### Data excerpts
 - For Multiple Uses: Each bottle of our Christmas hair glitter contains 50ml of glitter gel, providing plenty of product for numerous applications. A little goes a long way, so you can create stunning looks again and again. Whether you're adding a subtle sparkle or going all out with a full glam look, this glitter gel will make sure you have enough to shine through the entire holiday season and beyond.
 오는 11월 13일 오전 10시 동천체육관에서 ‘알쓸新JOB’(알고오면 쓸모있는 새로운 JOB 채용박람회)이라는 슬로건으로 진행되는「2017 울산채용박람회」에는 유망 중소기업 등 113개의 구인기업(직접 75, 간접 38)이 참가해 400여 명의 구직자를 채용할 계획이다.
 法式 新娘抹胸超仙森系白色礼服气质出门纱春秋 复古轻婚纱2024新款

==

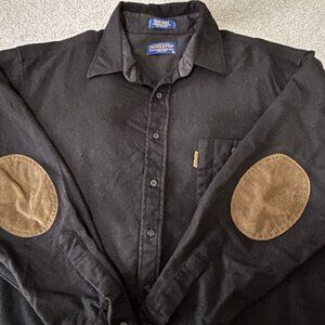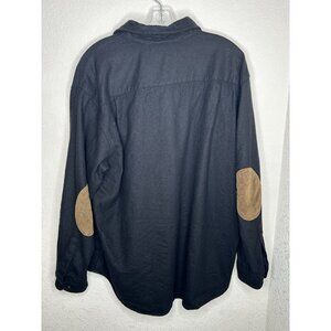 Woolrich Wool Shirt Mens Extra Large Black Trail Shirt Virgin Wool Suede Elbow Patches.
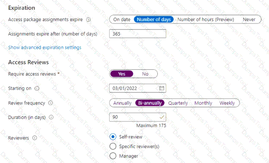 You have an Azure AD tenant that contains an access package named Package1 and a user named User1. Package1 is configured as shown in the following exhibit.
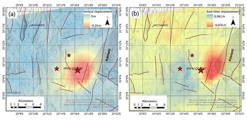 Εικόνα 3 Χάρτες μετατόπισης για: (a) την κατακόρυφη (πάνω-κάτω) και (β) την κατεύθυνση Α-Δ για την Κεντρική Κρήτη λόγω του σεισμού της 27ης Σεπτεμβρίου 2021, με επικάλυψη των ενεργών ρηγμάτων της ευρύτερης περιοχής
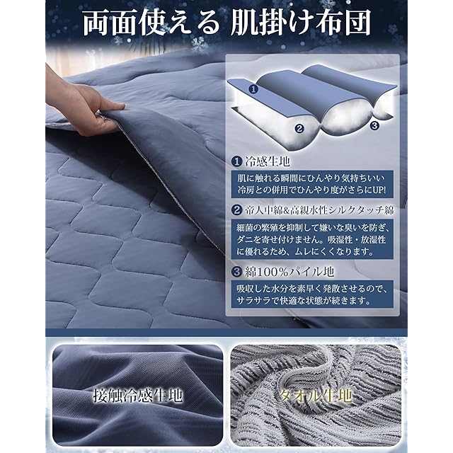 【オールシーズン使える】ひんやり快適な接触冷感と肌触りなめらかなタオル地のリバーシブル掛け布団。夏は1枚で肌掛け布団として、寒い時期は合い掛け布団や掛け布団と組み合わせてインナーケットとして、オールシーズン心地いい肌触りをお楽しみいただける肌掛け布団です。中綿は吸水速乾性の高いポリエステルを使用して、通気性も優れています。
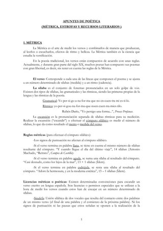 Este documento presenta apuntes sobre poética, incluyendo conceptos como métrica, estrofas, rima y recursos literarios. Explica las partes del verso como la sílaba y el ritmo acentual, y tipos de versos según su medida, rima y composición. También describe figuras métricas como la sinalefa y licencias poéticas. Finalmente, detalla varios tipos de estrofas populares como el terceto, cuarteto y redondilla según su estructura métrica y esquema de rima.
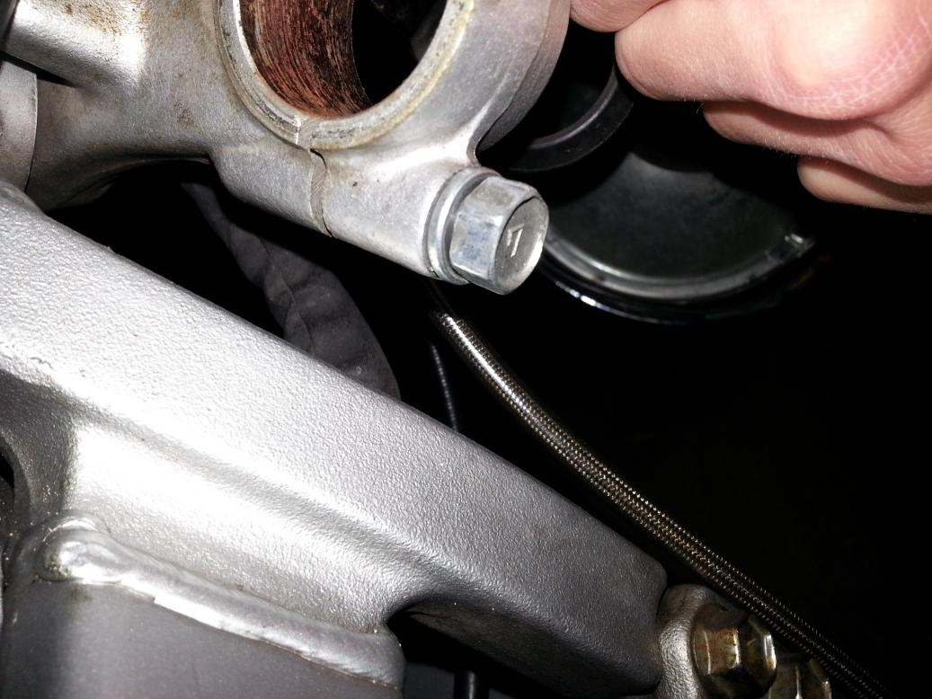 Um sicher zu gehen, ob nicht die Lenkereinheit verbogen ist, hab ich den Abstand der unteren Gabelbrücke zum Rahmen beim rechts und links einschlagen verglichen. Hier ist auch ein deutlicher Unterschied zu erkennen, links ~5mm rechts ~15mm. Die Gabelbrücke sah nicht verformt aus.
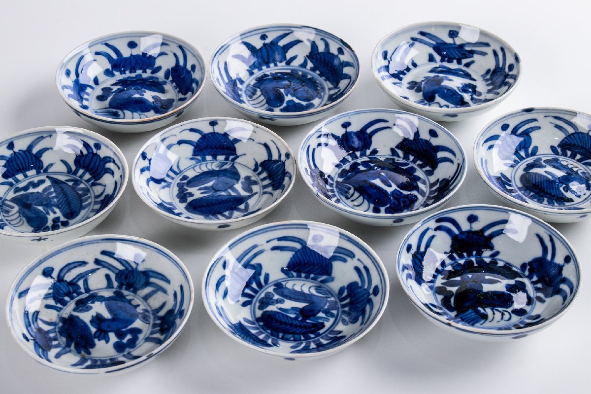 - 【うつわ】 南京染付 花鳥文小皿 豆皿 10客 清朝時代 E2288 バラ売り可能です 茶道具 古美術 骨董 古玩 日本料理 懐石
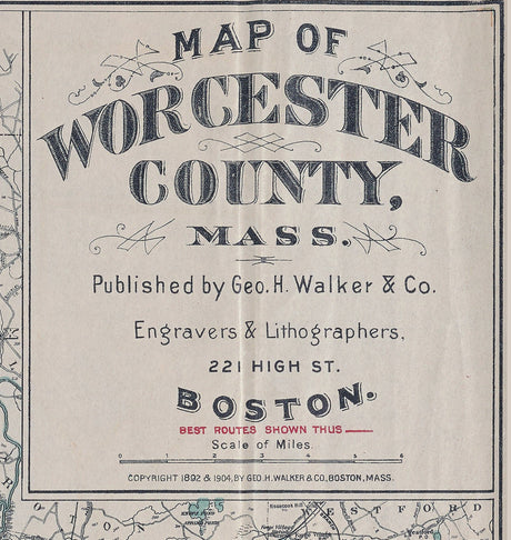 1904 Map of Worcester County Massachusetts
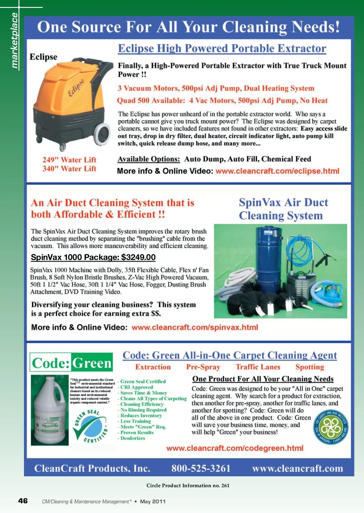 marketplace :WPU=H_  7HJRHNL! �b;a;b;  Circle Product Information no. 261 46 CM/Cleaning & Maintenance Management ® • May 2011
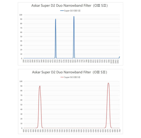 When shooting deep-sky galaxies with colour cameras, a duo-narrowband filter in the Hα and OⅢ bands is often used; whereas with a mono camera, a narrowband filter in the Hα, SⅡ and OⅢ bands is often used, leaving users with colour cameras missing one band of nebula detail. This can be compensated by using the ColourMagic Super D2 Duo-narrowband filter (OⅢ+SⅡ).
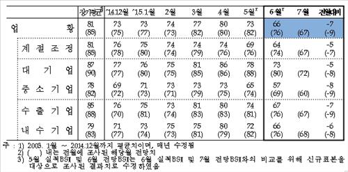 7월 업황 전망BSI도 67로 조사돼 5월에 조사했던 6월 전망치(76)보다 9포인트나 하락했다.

### Work instruction
Set down, exactly as they appear above, all lines from the one that has "- For Multiple" down to the one that has "法式 新娘抹胸超仙森系白色礼服气质出门纱春秋 复古轻婚纱2024新款", including those two and no others.

### Answer area
 - For Multiple Uses: Each bottle of our Christmas hair glitter contains 50ml of glitter gel, providing plenty of product for numerous applications. A little goes a long way, so you can create stunning looks again and again. Whether you're adding a subtle sparkle or going all out with a full glam look, this glitter gel will make sure you have enough to shine through the entire holiday season and beyond.
 오는 11월 13일 오전 10시 동천체육관에서 ‘알쓸新JOB’(알고오면 쓸모있는 새로운 JOB 채용박람회)이라는 슬로건으로 진행되는「2017 울산채용박람회」에는 유망 중소기업 등 113개의 구인기업(직접 75, 간접 38)이 참가해 400여 명의 구직자를 채용할 계획이다.
 法式 新娘抹胸超仙森系白色礼服气质出门纱春秋 复古轻婚纱2024新款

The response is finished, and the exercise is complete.